Problem to work on: The expected output is every line of the data exactly as shown, minus the images.

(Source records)
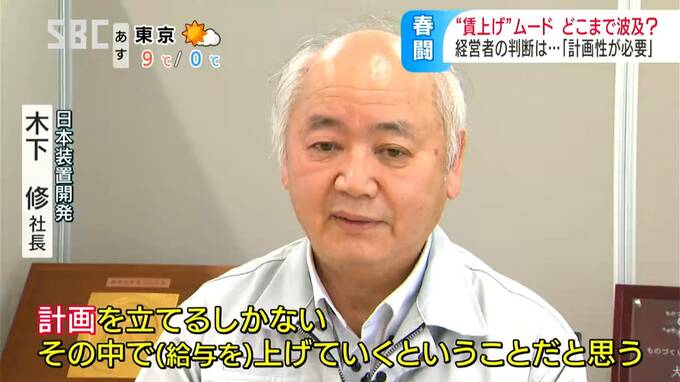 「賃上げ」の流れ…企業トップはどう見る?「計画の中で道筋をつけて実行していく…」経営者は難しい判断迫られる 2024年2月6日(火) 18:31 国内 企業の経営者は難しい判断を迫られています。日本装置開発・木下修(きのしたおさむ)社長:「いま、中小企業って『利益があったから給料上げる』ってできないと思う。計画立てるしかない。その中で上げていくって…
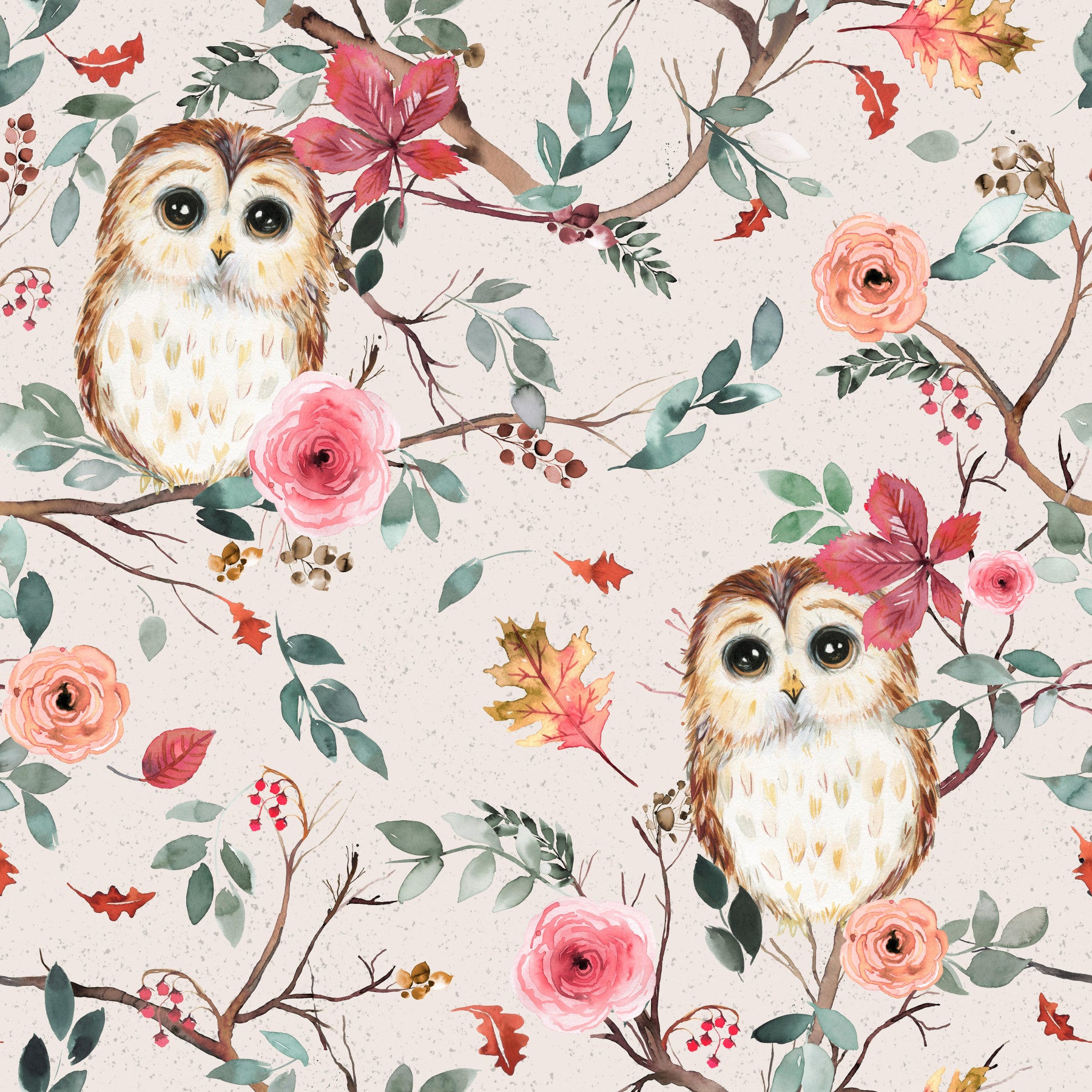 Omfavne ro med dette fortryllende tapet med to yndig ugler beliggende blandt en pulserende høstlig scene. Delikate akvarelroser i bløde pink og ferskner blomstrer sammen med frodige grønne blade og rigt rødt løv, hvilket skaber en harmonisk blanding af farver. Uglerne, der er gengivet med udsøgt detalje, forekommer roligt ligger på grene, udstråler en følelse af rolig og fredelig sameksistens med naturen. Dette design tilbyder en beroligende flugt, perfekt til at skabe en afslappende atmosfære i ethvert digitalt rum. Den subtile beige baggrund forbedrer den samlede rolige og indbydende humør.
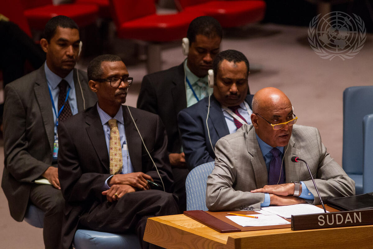 Omer Dahab Fadul Mohamed, Permanent Representative of the Republic of the Sudan to the UN, addresses the Security Council meeting on the situation in the Darfur region of his country.
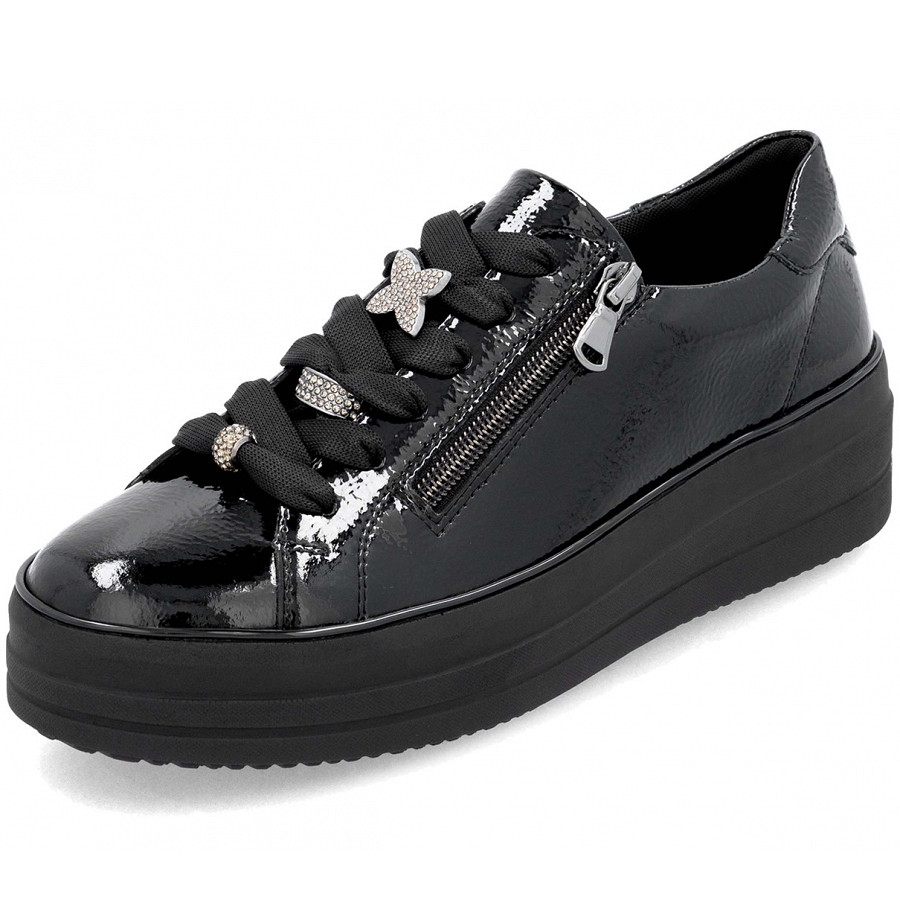 Comfy Queen: Diese schwarzen remonte Sneaker für Damen aus Lackleder begleiten dich mit Style und bestem Laufkomfort durch die Saison. Eine Schnürung ergänzt den Reißverschluss und sorgt für Funktionalität und Komfort. Dank der bewährten remonte Lite 'n Soft Technologie und der gepolsterten und herausnehmbaren Einlegesohle sind die Sneaker federleicht und angenehm zu tragen. Durch die Komfortweite ist den Zehen mehr Bewegungsfreiheit geboten. Das Modell ist mit leichtem Microvelour gefüttert, das atmungsaktiv ist. Mehr Komfort geht nicht!
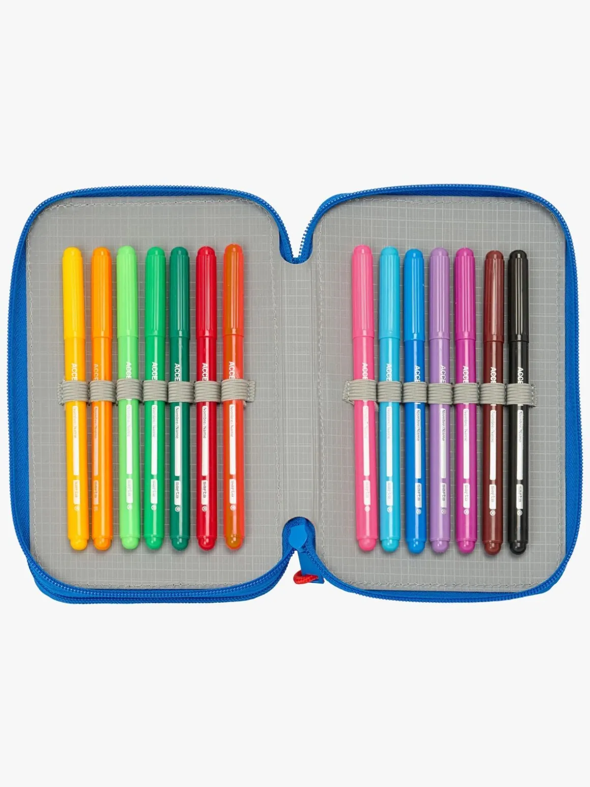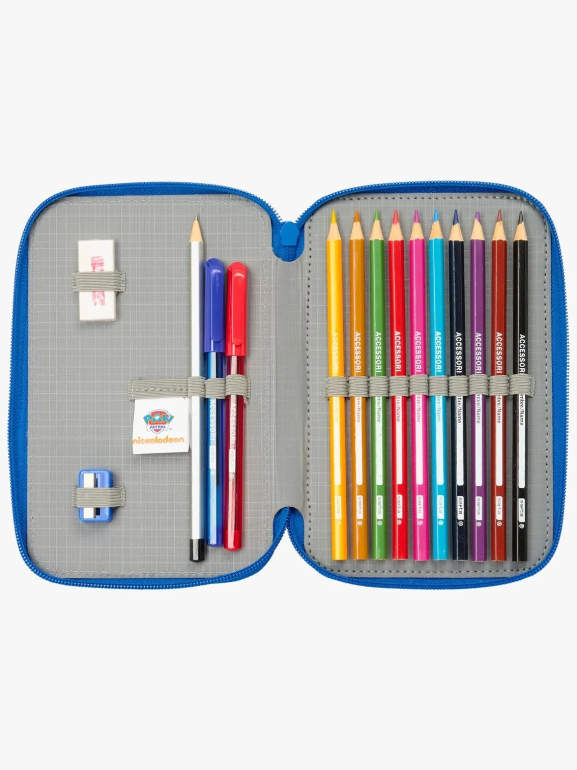 – Indeholder: 1 penalhus, 1 viskelæder, 1 blyantspidser, 1 blyant, 2 kuglepenne, 10 farveblyanter, 14 tusser.
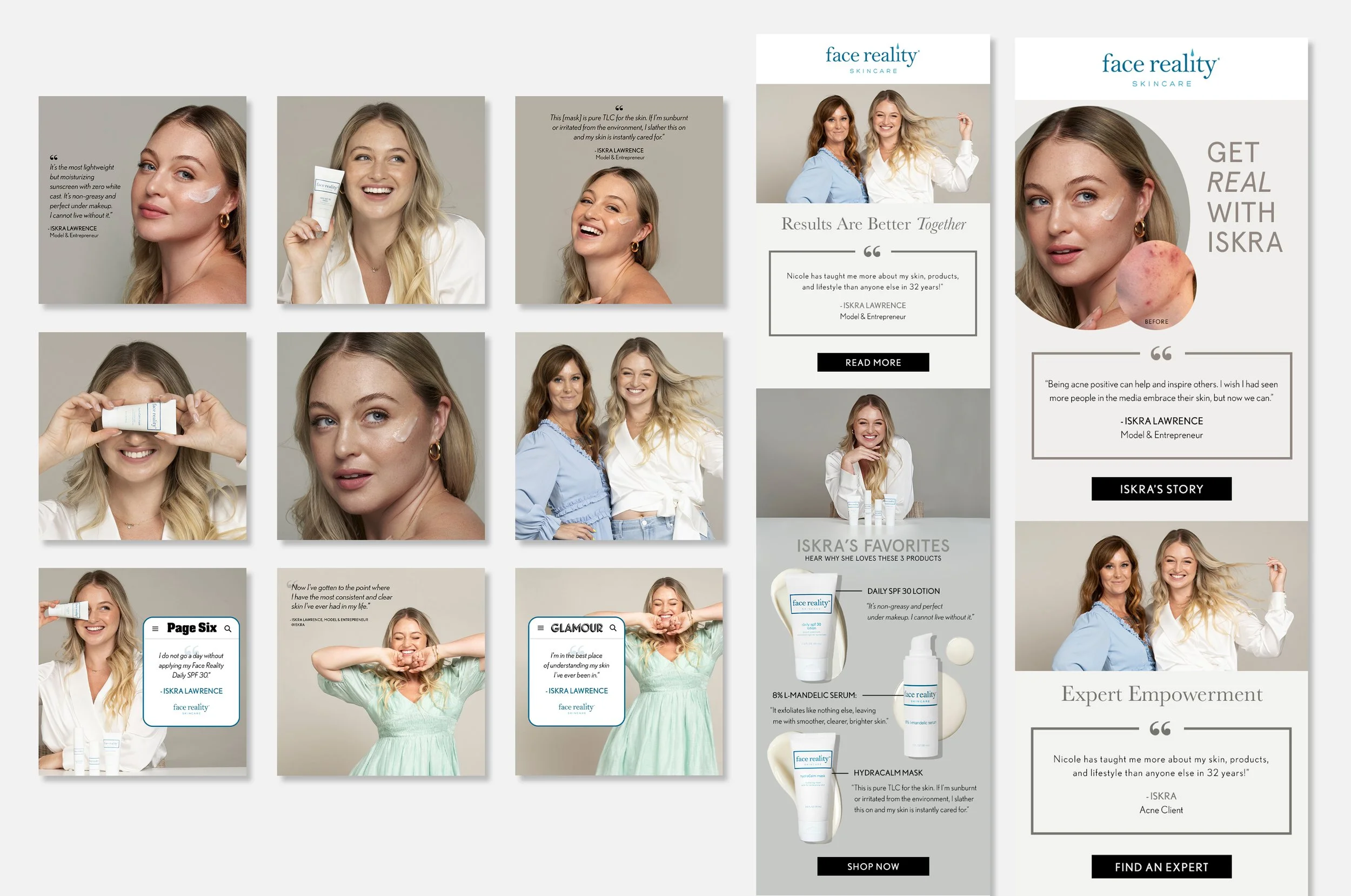 When shooting for this campaign, we wanted the photography to emanate the brand’s values of personal confidence and authenticity. We also wanted to highlight Iskra’s partnership with her Acne Expert, Nicole, encouraging our B2C consumers to find an esthetician near them.
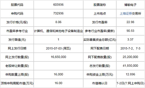 博敏電子發(fā)行價(jià)8.06元 今日網(wǎng)上申購(gòu)服務(wù)
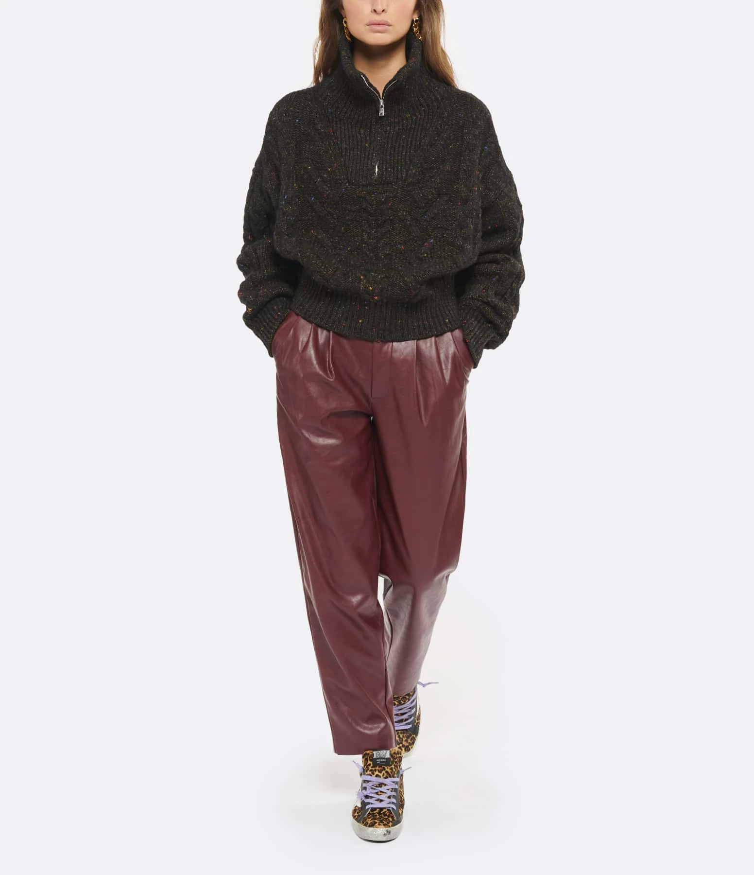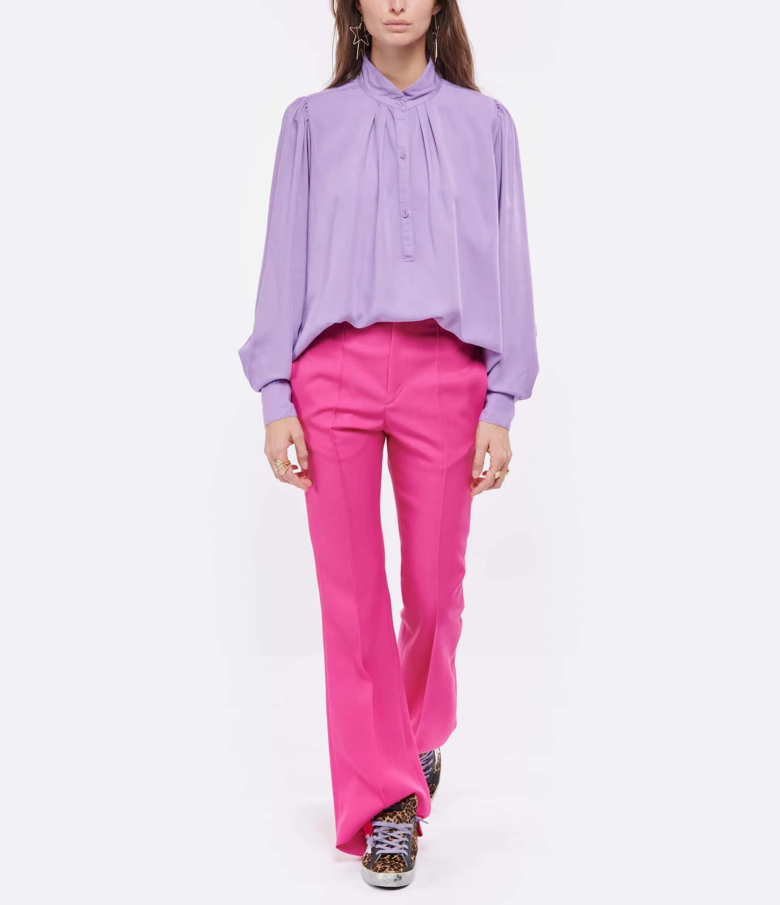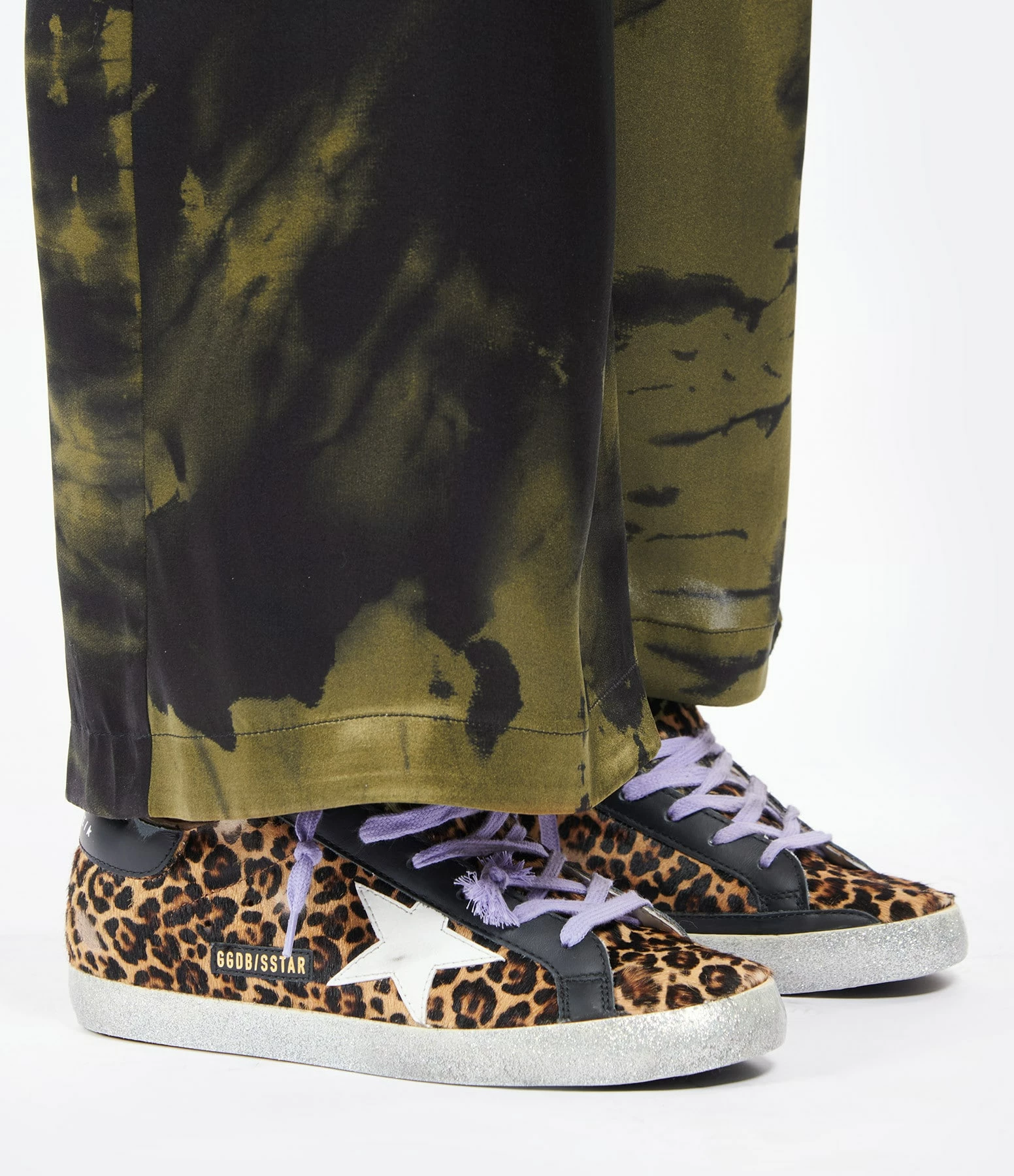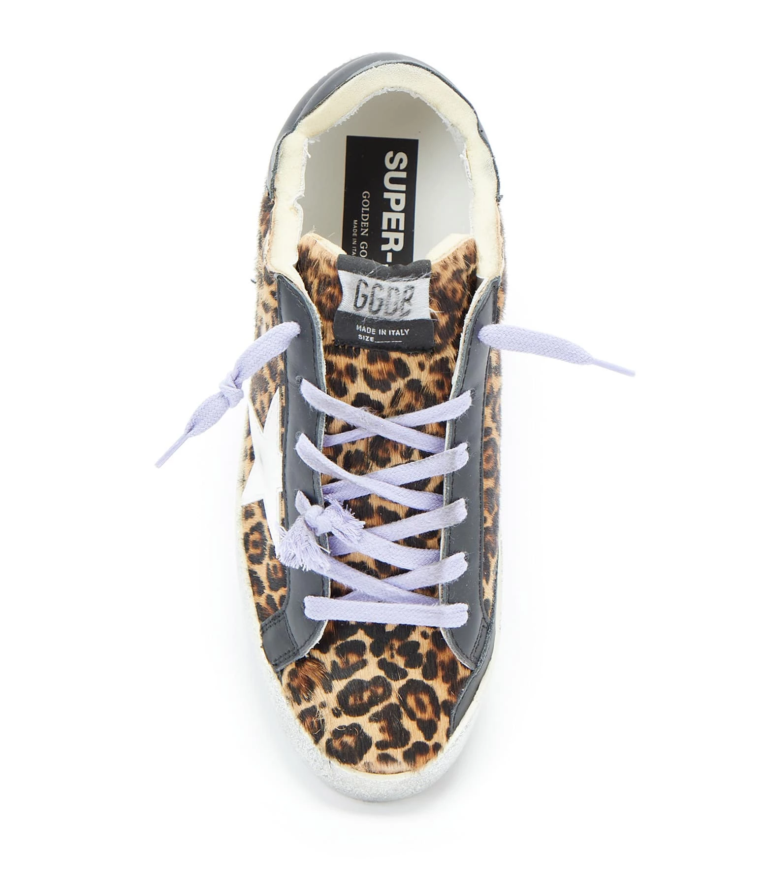 Baskets basses en cuir pony léopard. Empiècement étoile en cuir lisse blanc. Renfort talon en cuir lisse noir. Lacets violets. Semelle à paillettes argentées. Intérieur en cuir et maille bouclette. Inscription “GGDB/SSTAR” sur le côté extérieur.

Problem solution:
 「賃上げ」の流れ…企業トップはどう見る?「計画の中で道筋をつけて実行していく…」経営者は難しい判断迫られる 2024年2月6日(火) 18:31 国内 企業の経営者は難しい判断を迫られています。日本装置開発・木下修(きのしたおさむ)社長:「いま、中小企業って『利益があったから給料上げる』ってできないと思う。計画立てるしかない。その中で上げていくって…
 Omfavne ro med dette fortryllende tapet med to yndig ugler beliggende blandt en pulserende høstlig scene. Delikate akvarelroser i bløde pink og ferskner blomstrer sammen med frodige grønne blade og rigt rødt løv, hvilket skaber en harmonisk blanding af farver. Uglerne, der er gengivet med udsøgt detalje, forekommer roligt ligger på grene, udstråler en følelse af rolig og fredelig sameksistens med naturen. Dette design tilbyder en beroligende flugt, perfekt til at skabe en afslappende atmosfære i ethvert digitalt rum. Den subtile beige baggrund forbedrer den samlede rolige og indbydende humør.
 Omer Dahab Fadul Mohamed, Permanent Representative of the Republic of the Sudan to the UN, addresses the Security Council meeting on the situation in the Darfur region of his country.
 Comfy Queen: Diese schwarzen remonte Sneaker für Damen aus Lackleder begleiten dich mit Style und bestem Laufkomfort durch die Saison. Eine Schnürung ergänzt den Reißverschluss und sorgt für Funktionalität und Komfort. Dank der bewährten remonte Lite 'n Soft Technologie und der gepolsterten und herausnehmbaren Einlegesohle sind die Sneaker federleicht und angenehm zu tragen. Durch die Komfortweite ist den Zehen mehr Bewegungsfreiheit geboten. Das Modell ist mit leichtem Microvelour gefüttert, das atmungsaktiv ist. Mehr Komfort geht nicht!
 – Indeholder: 1 penalhus, 1 viskelæder, 1 blyantspidser, 1 blyant, 2 kuglepenne, 10 farveblyanter, 14 tusser.
 When shooting for this campaign, we wanted the photography to emanate the brand’s values of personal confidence and authenticity. We also wanted to highlight Iskra’s partnership with her Acne Expert, Nicole, encouraging our B2C consumers to find an esthetician near them.
 博敏電子發(fā)行價(jià)8.06元 今日網(wǎng)上申購(gòu)服務(wù)
 Baskets basses en cuir pony léopard. Empiècement étoile en cuir lisse blanc. Renfort talon en cuir lisse noir. Lacets violets. Semelle à paillettes argentées. Intérieur en cuir et maille bouclette. Inscription “GGDB/SSTAR” sur le côté extérieur.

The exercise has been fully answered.